[[ RAW DATA open ]]

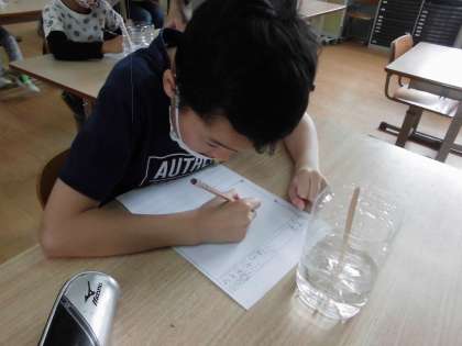 ヤゴの観察をしました。近くでよく見て,いろいろなことに気付いて書いている姿が見られました。
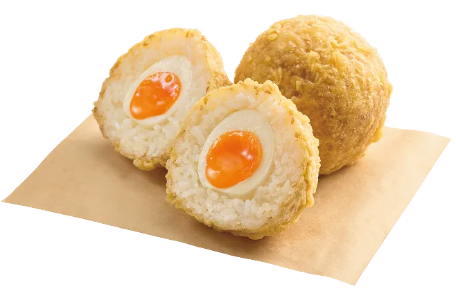 - Présentation : Boule de riz frit de grande taille, garnie d’un œuf mollet coulant. Enrobée de sésame blanc et noir. Inspirée de l’attaque Genki Dama.
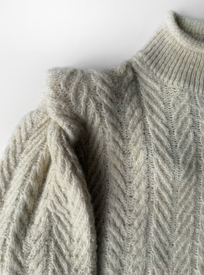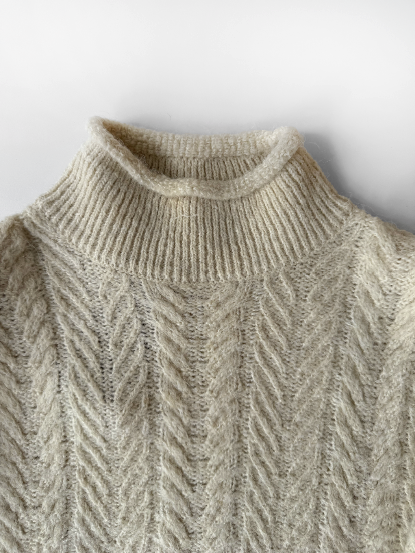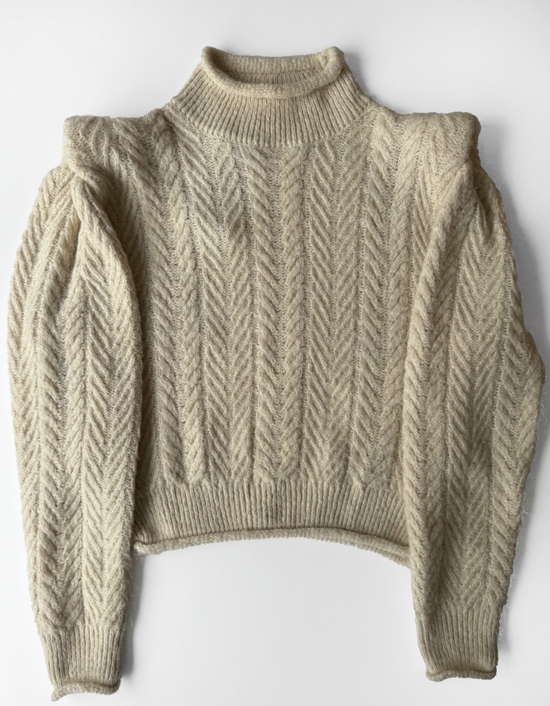 Cream high-neck jumper in perfect, never worn condition with structured shoulder pads. Composition: 57% acrylic, 21% polyester, 12% alpaca, 10% polyamide.
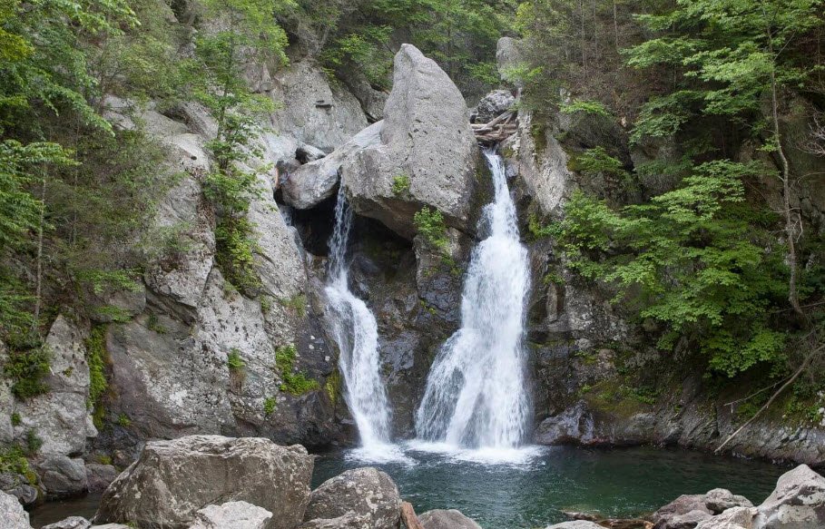 Bash Bish Falls in southwestern Massachusetts is the highest waterfall in the state, plunging about 60 feet in a dramatic "V" shape formed by twin cascades that drop over rugged rocks into a serene pool below.

[[ RAW DATA closed ]]

EXERCISE PROMPT - Take the line that contains "- Présentation : Boule" and all lines after it to the end of the material above, and copy them verbatim without any images.

FINAL ANSWER -
 - Présentation : Boule de riz frit de grande taille, garnie d’un œuf mollet coulant. Enrobée de sésame blanc et noir. Inspirée de l’attaque Genki Dama.
 Cream high-neck jumper in perfect, never worn condition with structured shoulder pads. Composition: 57% acrylic, 21% polyester, 12% alpaca, 10% polyamide.
 Bash Bish Falls in southwestern Massachusetts is the highest waterfall in the state, plunging about 60 feet in a dramatic "V" shape formed by twin cascades that drop over rugged rocks into a serene pool below.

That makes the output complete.